If you’ve ever had a French cider, you will have recognized the natural fermentation. It has a fecund, wild quality that very often recalls the flavors of the cheeses produced in Normandy—Camembert and Pont-l’Évêque. Zielinski’s cidres don’t have that quality. In fact, you have to sniff and swish very carefully to find any evidence that they’re naturally fermented. Oregon yeasts are apparently fairly neutral creatures, and they leave apples to shine in E.Z. Orchard Cidre. 

They are nevertheless heavily influenced by the biochemistry of the yeast. He uses a modified process of keeving, which is to withhold nutrients from the yeast in order to encourage a much slower, gentler fermentation and keep the ciders sweet (by American standards; the French would call them bone-dry), and they naturally carbonate in the bottle. When they’re young, they sometimes seem sharply tannic. A year on, and the bottles begin to come into harmony, the sweetness, spicy tannic bitterness, and silky carbonation melding into a complex cidre that has a lush aroma of apple blossom, black pepper, earth, and shafts of mango and a full, lively, and dry palate.

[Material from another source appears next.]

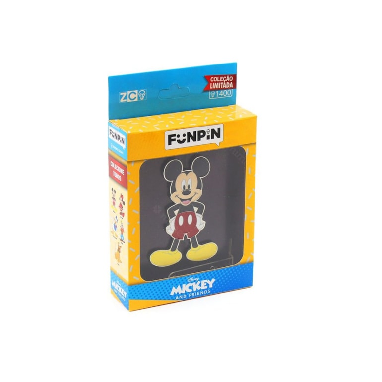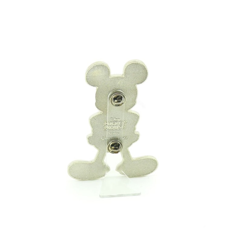 Produzido em metal, ele vem no formato do Mickey com sua habitual expressão alegre e tem destaque especial para suas cores e detalhes! Possui duas travas de metal traseiras que facilitam sua fixação em bolsas, peças de roupa e afins, impedindo que o mesmo seja perdido com facilidade, além de também vir com um suporte transparente para deixar o seu funpin paradinho, seguro e exposto na sua estante!

The final and most challenging stage of the process is the fermentation. Zielinski bottles a bit before the cider has completely finished fermenting so it will carbonate in the bottle—but judging that moment is a fraught process. The French method is one in which the yeast is slowly starved of nutrients. Even though the yeasts might otherwise love to eat the tasty sugars still floating around, they go dormant for lack of these nutrients. But when exactly does that moment come? When I was in the Calvados region of Normandy, cider-maker Guillaume Drouin put it this way. “If you think about a traditional cider, it is made to be a problem.  You put in the bottle sugar, yeast, bacteria all together and then you put a cork on it.  And then you pray.” Everything happening inside the bottle can be explained by science; judging when the cider is ready, though, is a matter of art.

It’s one of the main reasons most people eschew the French approach, and, if Zielinski were more focused on the product, he might, too. But he doesn’t think of it that way. In the years since he planted the first acre of cider fruit, he has expanded it to 11. Each season of the calendar demands him to tend to his trees in some fashion or other—pruning, grafting, nurturing, harvesting—so he’s always thinking of the progression. An apple is not made at harvest, nor is a cider made from juice. They’re made from a very long process that begins years before anything heads to market. 

“It was the method,” he told me. “It was the method I was most interested in. I’d had some ciders, and I preferred lower-acid ciders so I was naturally drawn to those. I also liked working with some of the other senses; you know, more nose, more fruit characteristics. But it was the method itself, using spontaneous ferments, natural carbonation—all of these things seemed rational to me.”

To be an orchardist or a traditional cider-maker is to think of fruit holistically. You come to know and appreciate the apples over years, recognizing not only the fruit of a tree, but the shape of its habit, the size and color of its leaves. You get to know apples deeply. That flows directly into the cider. “If I’m making cider from fruit, let’s let the fruit be the factor that has the most influence,” Zielinski said. And fruit, of course, is a process — first and foremost, a verb.